Hommage à Alphonse Boudard
Quand la mort a opéré,
il se dégage toujours d’une œuvre vivante un mot qu’on n’y avait
pas encore trouvé…
C’est à ce mot là qu’il
nous faut être attentifs… Il peut nous aider à vivre -
Louis Guilloux
Conteur hors pair à la gouaille
chantante, artiste des mots qui régurgitent la vie, Doisneau animé,
Tati à roulette… Alphonse a tiré sa révérence
ce 14 janvier : un frère nous a quitté.
Au delà des déclarations larmoyantes
des pleureuses et des communiqués de circonstance, il importe d’essayer
de voir un peu ce qu’on me dit de ne pas voir, de jeter un œil sur l’envers
du décor… Et pour se mettre à l’aise voyons les funérailles
: «Merde ! Merde ! «ça irait bien comme épitaphe,»
Merde ! Merde !»sur ma pierre tombale. Mais j’oublie… j’en veux pas
de pierre tombale, je veux rien. Qu’on balance ma carcasse indigne à
la voirie, la fosse commune…
Flash-Back
Né le 17 décembre 1925 à
Paris, il sera placé chez de pauvres paysans du Loiret : Blanche
teint cuivre, vieille indienne et ses yeux n’en sont que plus clairs… d’un
bleu porcelaine et Auguste un sarment de vigne sont ses parents nourriciers.
Durant près de sept ans, il se forge plouc c’est un compliment,
une qualité qu’il revendique on naît animal au flair,
à la respiration des odeurs du cul, comme ni plus ni moins un clébard,
seulement ensuite on veut plus en convenir. Son premier rapport avec la
littérature, c’est l’Almanach Vermot. Blanche, qui sait lire et
écrire, en fera la lecture à haute voix lors des veillées.
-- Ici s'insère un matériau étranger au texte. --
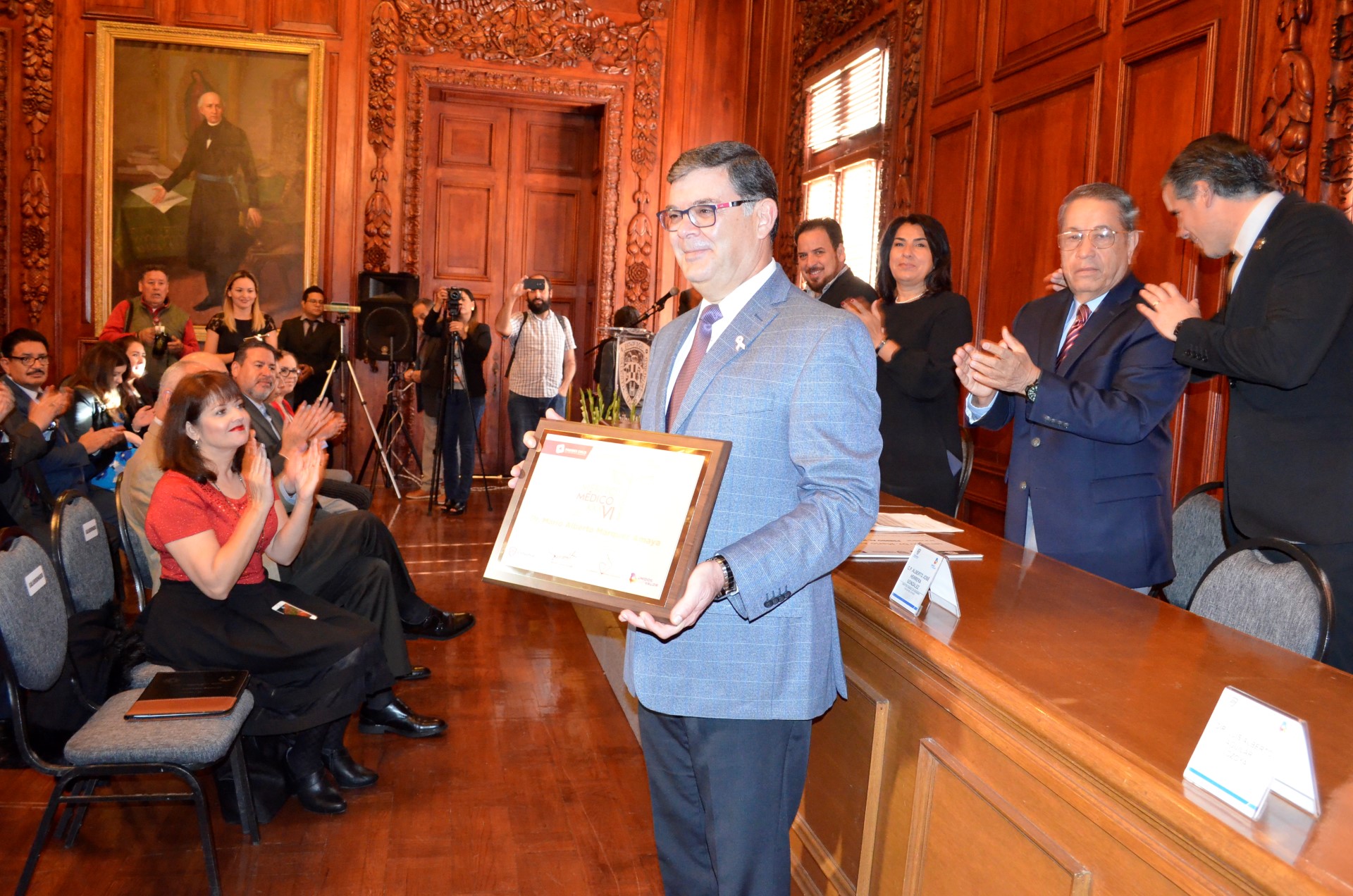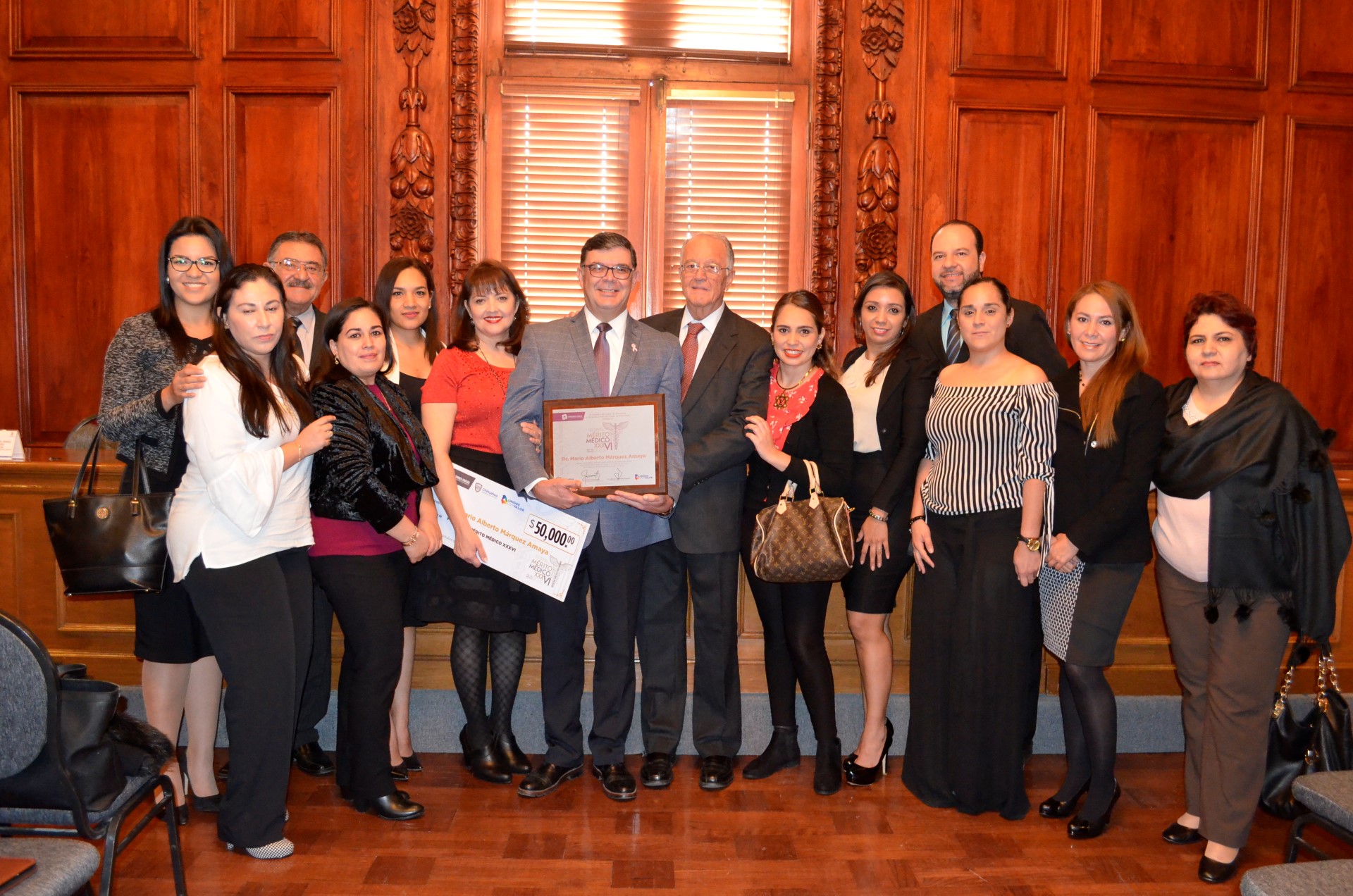 En el marco del Día del Médico, el neurólogo Mario Alberto Márquez Amaya, recibió en el Salón Rojo de Palacio de Gobierno, el Premio Pensiones al Mérito Médico 2018, por sus actividades de investigación realizados en beneficio de la población chihuahuense. El galardonado comentó: “Reconocer el mérito de un médico es reconocer a todos los que ejercen la medicina, sin excepción alguna. Hoy formo parte de Pensiones y estoy comprometido al 110 por ciento con mis pacientes y mis compañeros de trabajo. 28 años de recorrido, me han traído aquí y ahora para vivir una de las experiencias más enriquecedoras a las que puede aspirar un profesionista”. ¿SABÍAS QUÉ? El Dr. Márquez ha realizado trabajos de investigación durante 24 años en el tratamiento y diagnóstico integral para la epilepsia, encefalitis y esclerosis múltiples.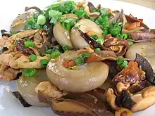 - Pâte de tapioca et d’igname en forme de boulier (算盘子, ) ; peut être cuite avec de l’émincé de poulet, de porc, de crevettes ou de légumes.
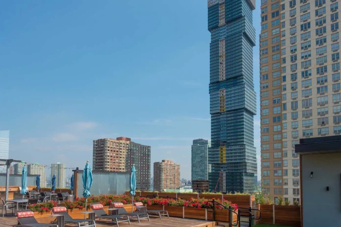 Crowning the structure is an expansive shared rooftop deck that delivers unobstructed panoramic views of the Manhattan skyline, stretching from Billionaire’s Row and the Empire State Building to the World Trade Center. The rooftop is designed to function equally well for entertaining and quiet evening retreats, offering residents an outdoor extension of their living space high above the city.

Illettré, Auguste n’en est pas moins contre toute autorité,
bouffeur de curé, il a le verbe haut : «Bon d’la de putain
de bordel de temps ! merde ! merde !» Et antimilitariste indécrottable
«Fille de garce de putain de merde, faudra jamais aller à
la guerre, petit !» Alphonse est à bonne école et reconnaîtra
en Auguste son premier éducateur, le seul peut-être. Il n’oubliera
pas tous ces jours et ces jours, ces heures et ces heures à trimer
triturer la terre… lui faire sortir ses petits légumes, ses farines…
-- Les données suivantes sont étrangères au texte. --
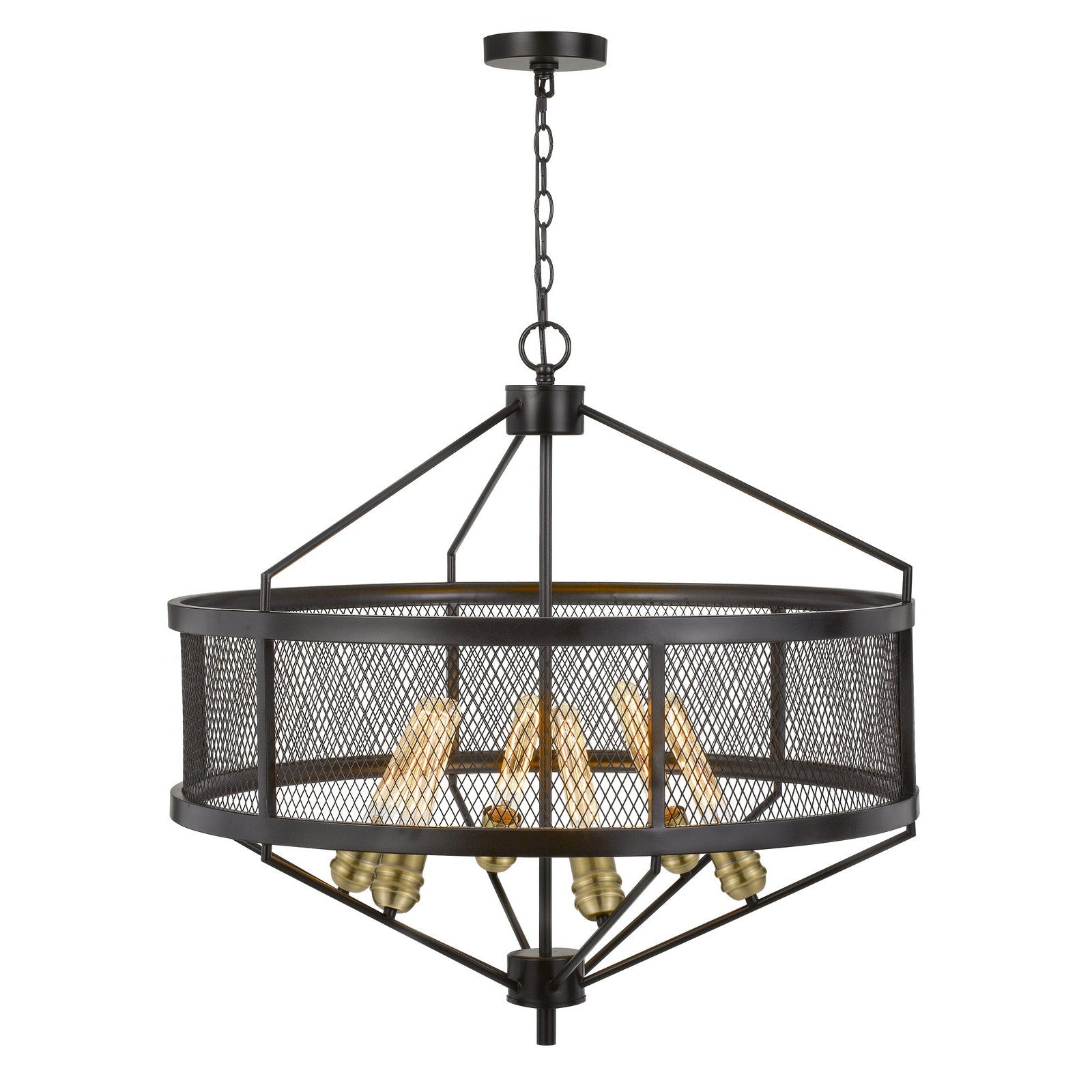 The FX-3743-6 Halle Metal Chandelier is a stunning lighting fixture that combines antique brass and black finishes for a sophisticated touch. Designed to accommodate six E26 base bulbs (not included), it supports a maximum wattage of 60W per bulb. The chandelier features a unique drum mesh metal shade that adds character while allowing for optimal light distribution. With package dimensions of 32.50 inches in length, 32.50 inches in width, and 19.30 inches in height, this chandelier is perfect for grand spaces, creating a warm and inviting atmosphere. Assembly is required, and it comes with a one-year warranty against defects in material and workmanship.

ses patates roses. Après quelques visites, sa mère viendra
le chercher pour rejoindre un univers inconnu de lui : la ville.
Paname
D’abord un petit hôtel avenue de La
Motte-Picquet à côté du métro aérien,
puis un logement dans le XIIIe dans le quartier de la Maison Blanche près
de l’usine Panhard. Confié à sa grand-mère qu’il découvre
à cette occasion, ce sera la communale et l’apprentissage dans un
atelier de fonderie typographique. Sujet à raillerie, il laissera
son accent de la campagne se métamorphoser en parigot pur jus.
La der des der (bis)
À quinze ans, c’est la guerre, l’occupation.
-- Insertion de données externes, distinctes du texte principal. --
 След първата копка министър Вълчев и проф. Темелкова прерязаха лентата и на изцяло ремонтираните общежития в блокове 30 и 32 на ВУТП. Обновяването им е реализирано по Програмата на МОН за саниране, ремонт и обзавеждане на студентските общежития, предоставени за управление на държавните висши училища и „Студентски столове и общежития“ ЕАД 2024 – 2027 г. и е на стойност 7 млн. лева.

Il tente malgré tout de croquer la vie… la chevauchée traversera
le maquis, la résistance, la campagne de France avec libération
de Paris, le tout saupoudré de quelques vols avec une prédilection
pour les maisons des pompes funèbres… Les grandes vacances se terminent
au gnouf : six ans, tuberculose comprise, d’où prolongation de sept
nouvelles années, hôpital et sanatorium pénitentiaires
inclus. L’hosto, quand on y a séjourné longtemps et qu’on
a failli y clamser, on y reste toujours un peu… on se dit qu’on y reviendra
un jour ou l’autre… Auparavant, il rattrape les années perdues à
la buissonnière du pavé une boulimie, une fringale dévoreuse
de lecture… Sans oublier les potes, ça me prend par tranches dans
mon existence la glissade, je m’acoquine comme ça avec quelques
lascars, le plus souvent énergumènes pas croyables, des traîne-lattes,
traîne-sabres, malfrats, funambules… ils ne m’attirent, la plupart
du temps, que des emmerdes… Mais, le plaisir de raconter est plus fort,
il sent depuis longtemps que lorsqu’il entame une histoire, les autres
l’écoutent, intrigués, n’est-ce pas la magie des mots ?
Littérature
Des histoires, justement, il en a plein la
tête, il en déborde… Sa mémoire, affûtée
comme un rasoir, sera une précieuse alliée. Alors, il argote,
ça me vient mieux au bout de la plume que les roucoulades académiques
,sans perdre le nord moi je pageotte depuis si longtemps avec la méfiance…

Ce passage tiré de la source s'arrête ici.